:: Provided data ::
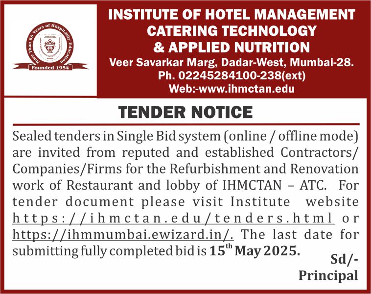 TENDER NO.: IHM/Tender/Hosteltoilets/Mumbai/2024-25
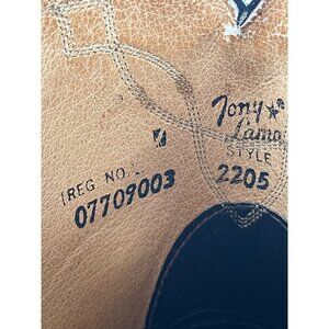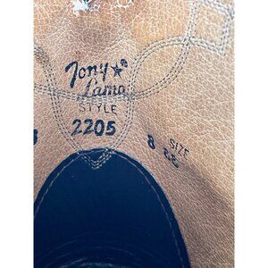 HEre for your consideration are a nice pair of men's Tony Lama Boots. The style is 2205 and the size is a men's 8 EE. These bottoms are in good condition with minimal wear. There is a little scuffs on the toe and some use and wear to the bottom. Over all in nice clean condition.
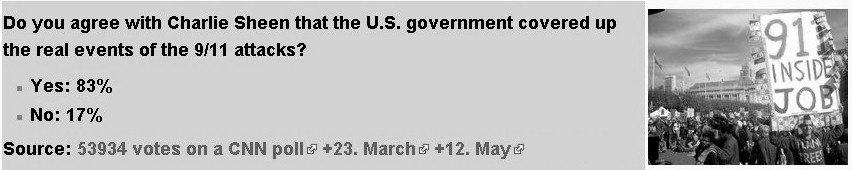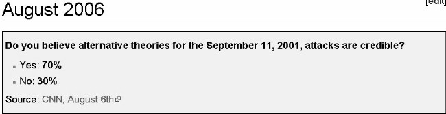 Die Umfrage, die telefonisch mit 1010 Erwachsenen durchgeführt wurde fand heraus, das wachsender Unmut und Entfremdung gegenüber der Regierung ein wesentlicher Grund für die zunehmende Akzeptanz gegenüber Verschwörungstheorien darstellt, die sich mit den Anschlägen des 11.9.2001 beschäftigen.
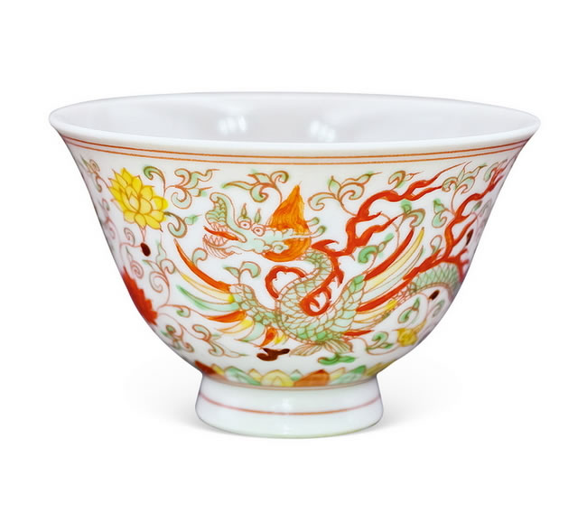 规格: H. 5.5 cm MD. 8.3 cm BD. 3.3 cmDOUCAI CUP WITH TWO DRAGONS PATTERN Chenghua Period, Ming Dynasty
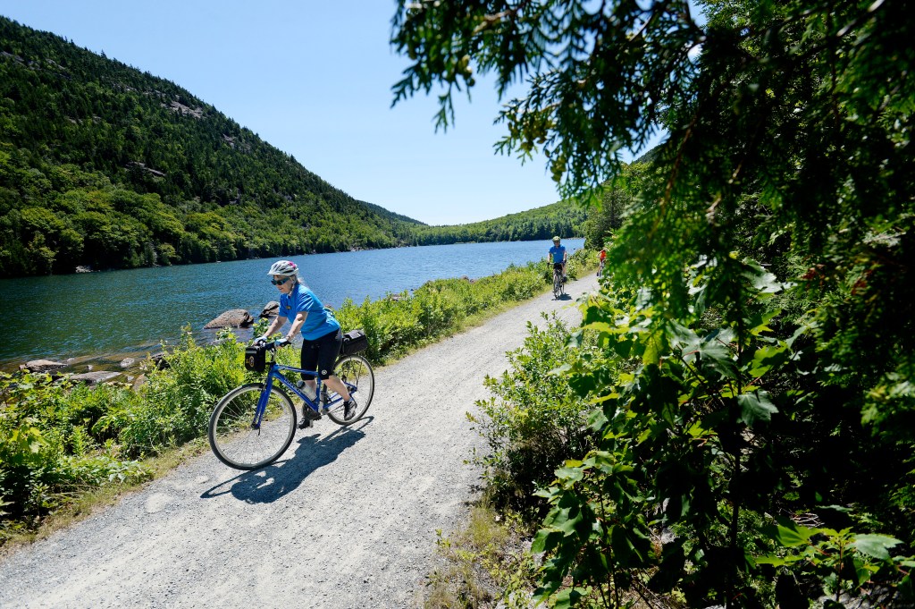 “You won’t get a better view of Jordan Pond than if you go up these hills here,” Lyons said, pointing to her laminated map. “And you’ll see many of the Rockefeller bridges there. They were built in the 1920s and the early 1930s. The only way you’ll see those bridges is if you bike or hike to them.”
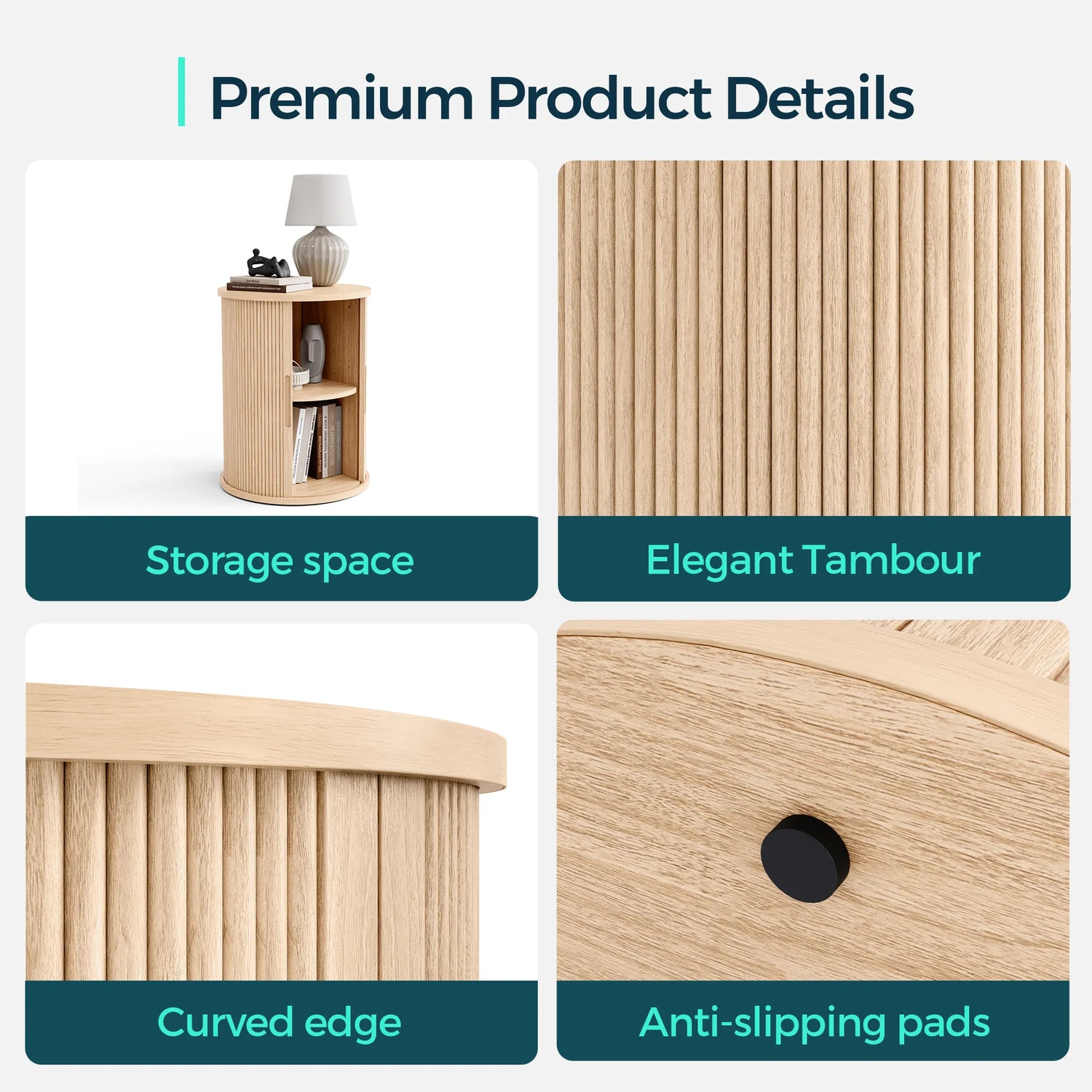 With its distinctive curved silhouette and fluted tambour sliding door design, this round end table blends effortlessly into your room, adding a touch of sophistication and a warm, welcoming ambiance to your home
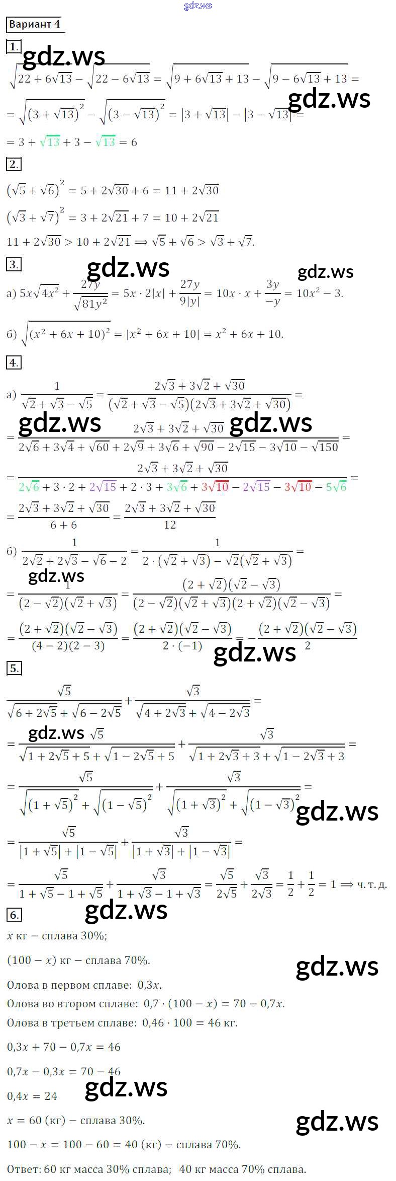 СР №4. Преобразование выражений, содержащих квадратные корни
:::
:: Provided data ::
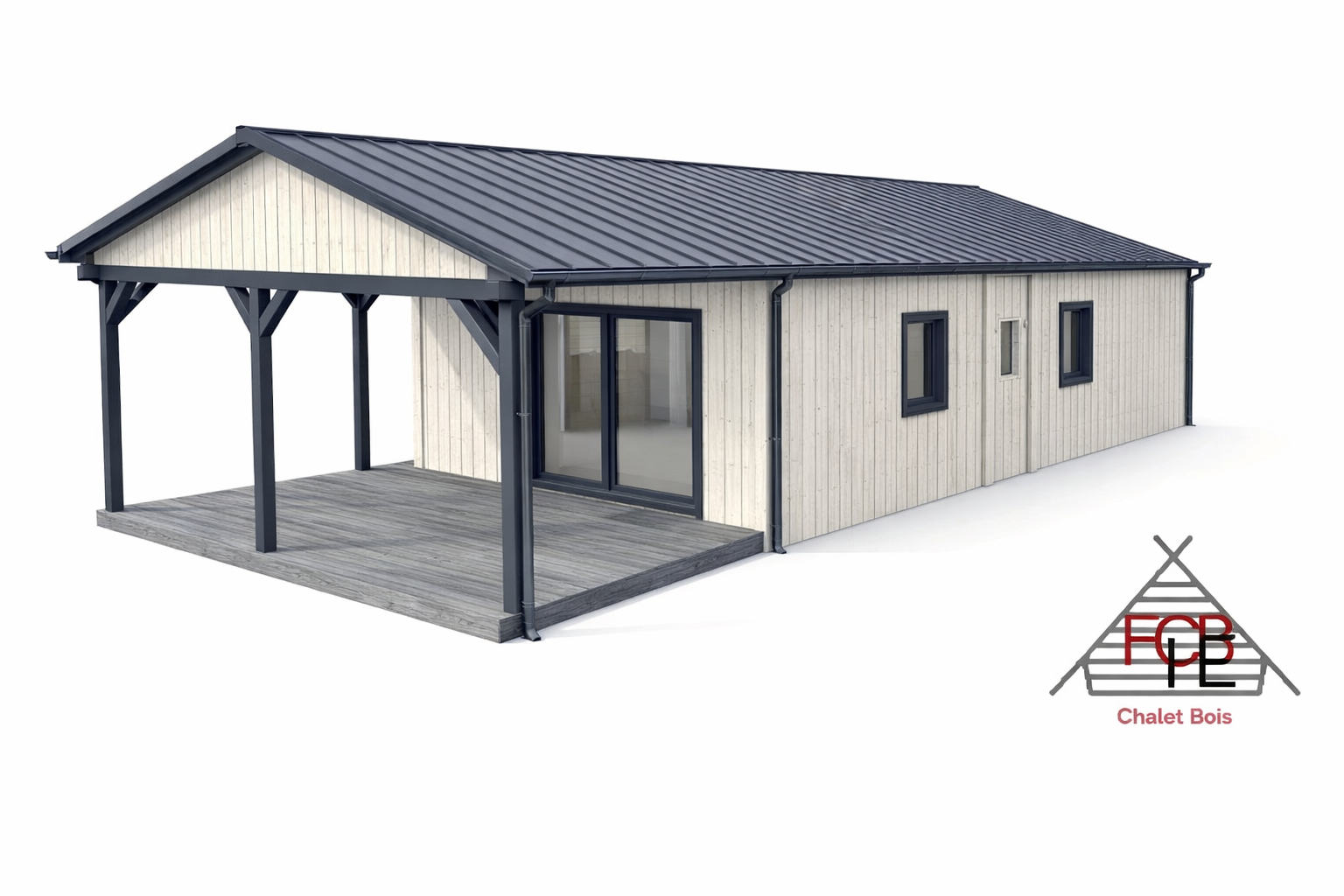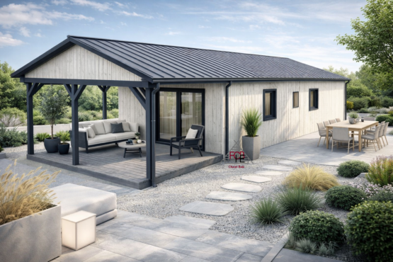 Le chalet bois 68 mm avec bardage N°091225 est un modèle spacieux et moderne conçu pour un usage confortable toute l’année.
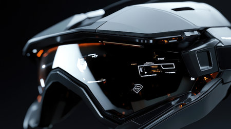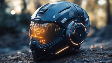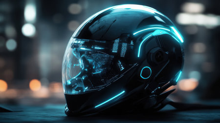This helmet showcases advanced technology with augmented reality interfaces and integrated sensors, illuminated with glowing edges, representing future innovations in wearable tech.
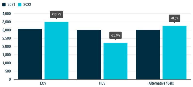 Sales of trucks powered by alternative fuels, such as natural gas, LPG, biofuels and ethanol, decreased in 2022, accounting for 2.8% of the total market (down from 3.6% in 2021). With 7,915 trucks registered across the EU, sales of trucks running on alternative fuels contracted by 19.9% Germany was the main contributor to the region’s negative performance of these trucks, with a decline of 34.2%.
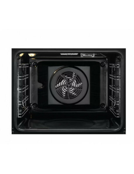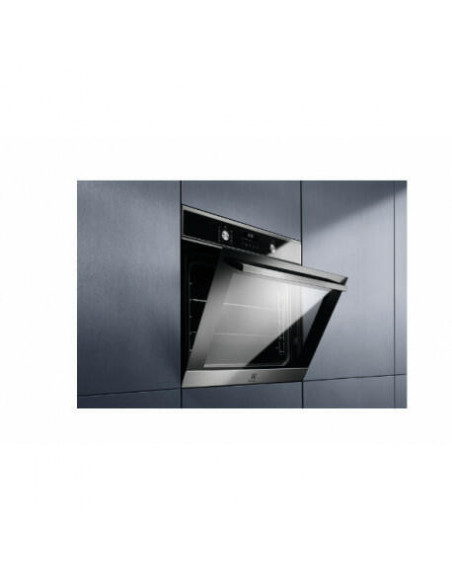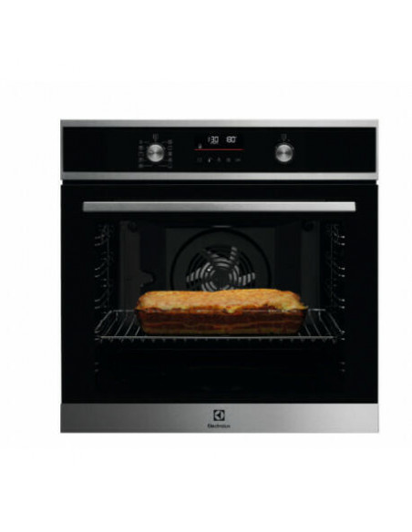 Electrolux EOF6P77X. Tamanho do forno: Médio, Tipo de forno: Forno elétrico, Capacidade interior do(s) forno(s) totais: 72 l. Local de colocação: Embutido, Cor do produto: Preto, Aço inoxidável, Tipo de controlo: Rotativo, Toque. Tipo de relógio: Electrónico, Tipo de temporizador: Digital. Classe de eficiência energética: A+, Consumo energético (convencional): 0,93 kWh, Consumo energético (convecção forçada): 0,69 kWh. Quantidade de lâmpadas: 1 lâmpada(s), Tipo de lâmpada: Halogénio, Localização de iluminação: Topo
:::
:: Provided data ::
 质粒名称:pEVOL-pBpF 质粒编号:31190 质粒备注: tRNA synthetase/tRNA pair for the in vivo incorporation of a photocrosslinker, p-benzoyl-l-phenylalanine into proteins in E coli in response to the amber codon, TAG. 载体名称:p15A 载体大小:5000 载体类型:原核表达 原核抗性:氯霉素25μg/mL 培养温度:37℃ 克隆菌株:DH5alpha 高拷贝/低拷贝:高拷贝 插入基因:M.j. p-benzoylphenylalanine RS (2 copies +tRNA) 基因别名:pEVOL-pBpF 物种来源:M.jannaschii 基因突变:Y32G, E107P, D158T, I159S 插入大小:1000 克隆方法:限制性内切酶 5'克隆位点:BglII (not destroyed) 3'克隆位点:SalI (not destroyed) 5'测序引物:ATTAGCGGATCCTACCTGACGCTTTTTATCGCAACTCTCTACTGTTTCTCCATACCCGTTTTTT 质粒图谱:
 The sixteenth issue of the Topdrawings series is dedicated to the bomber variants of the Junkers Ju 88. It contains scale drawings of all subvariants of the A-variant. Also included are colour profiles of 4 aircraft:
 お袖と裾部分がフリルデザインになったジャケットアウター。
:::
[What is needed] With the pictures omitted, print the lines above exactly, beginning at the line with "规格: H. 5.5 cm" and going on through the line with "СР №4. Преобразование".

[The answer]
 规格: H. 5.5 cm MD. 8.3 cm BD. 3.3 cmDOUCAI CUP WITH TWO DRAGONS PATTERN Chenghua Period, Ming Dynasty
 “You won’t get a better view of Jordan Pond than if you go up these hills here,” Lyons said, pointing to her laminated map. “And you’ll see many of the Rockefeller bridges there. They were built in the 1920s and the early 1930s. The only way you’ll see those bridges is if you bike or hike to them.”
 With its distinctive curved silhouette and fluted tambour sliding door design, this round end table blends effortlessly into your room, adding a touch of sophistication and a warm, welcoming ambiance to your home
 СР №4. Преобразование выражений, содержащих квадратные корни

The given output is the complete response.